1) This is likely the last time the death of someone who's not a public official will spark such an amazingly wide public reaction. Jackson is pretty much the last pop culture emblem from the time when our nation had a unified culture of some kind. Modern entertainment is too fragmented to produce a similar figure anymore. I think only the death of a president while in office would come close (and I pray daily against such an event, by the way).

2) Money in carload lots can insulate people against many of the consequences of their bad behavior. Jackson's deep pockets hired the attorneys that won his 2005 case, and he paid more than one civil judgment concerning similar matters. His apparent hypochondria, which led to the surgical masks, oxygen-chamber sleeping habits and weird impulse buys (Bubbles the chimp, for example) didn't really hurt him all that much because he had the money to handle it. Until he didn't, but that's a different kind of problem. If the money's there, it's easier to act like an idiot and get away with it. Rich women pregnant without husbands can hire platoons of nannies; nannies pregnant without husbands lose their jobs and are stuck with Aid to Families with Dependent Children checks. But money isn't a perfect shield -- unconfirmed reports suggest Jackson may have been addicted to prescription drugs and those could have contributed to his death.

3) Many of the people on television masquerading as reporters have had their charades exposed -- hours of news time was devoted to something that happens to each and every human being sooner or later. During that time, the Iranian government's crackdown on democracy protesters began to have an impact as those protests lost steam. The U.S. House of Representatives passed a bill that didn't actually exist in order to enable an unworkable plan to deal with a threat that may not exist, man-made global warming.

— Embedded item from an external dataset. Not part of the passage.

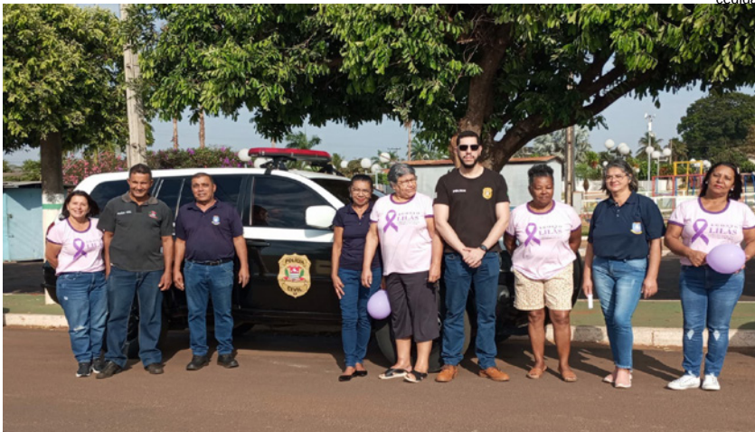
Carreata da Campanha de prevenção da violência contra a mulher em Ouro Verde
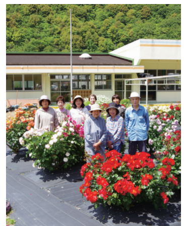
▲バラを育てる東海婦人学級の皆さん

The U.S. announced it'll stop trying to kill the Afghanistan poppy crop as a method of fighting opium and heroin use, since the unemployed farmers queued up with Al Qaeda instead of the seed corn store. President Obama is considering an executive order allowing the indefinite detention of terrorists. But rather than really dig into any of these stories, all of which will have lasting impacts on our lives, the TV folks spent their time showing "Thriller."

PS -- Here's a fourth opinion for a bonus. A local radio station played all-Michael Jackson a couple of afternoons in tribute. A whole lot of great music, as well as a whole lot of gunk. On the up side, rare appearances by "Wanna Be Startin' Somethin'" and "Rock With You." On the down side, spins of "Dirty Diana" and the Michael Jackson-Paul McCartney duet "The Girl Is Mine." And it's been a loooong time since the 1984 Mick Jagger-Jacksons collaboration "State of Shock" had radio airplay, and the country hasn't exactly been worse off for the omission.

Thursday, June 25, 2009

What Could Go Wrong?

An English gent designed robots that look like furniture and eat living things. Sure, right now they just eat bugs, but isn't it possible that one day they will be able to hide in plain sight and eat people? Or even worse, that they might transform themselves into everyday objects and just suck out our intelligence, leaving behind millions of brainless folks staring slackly at them as they battle to take over our world?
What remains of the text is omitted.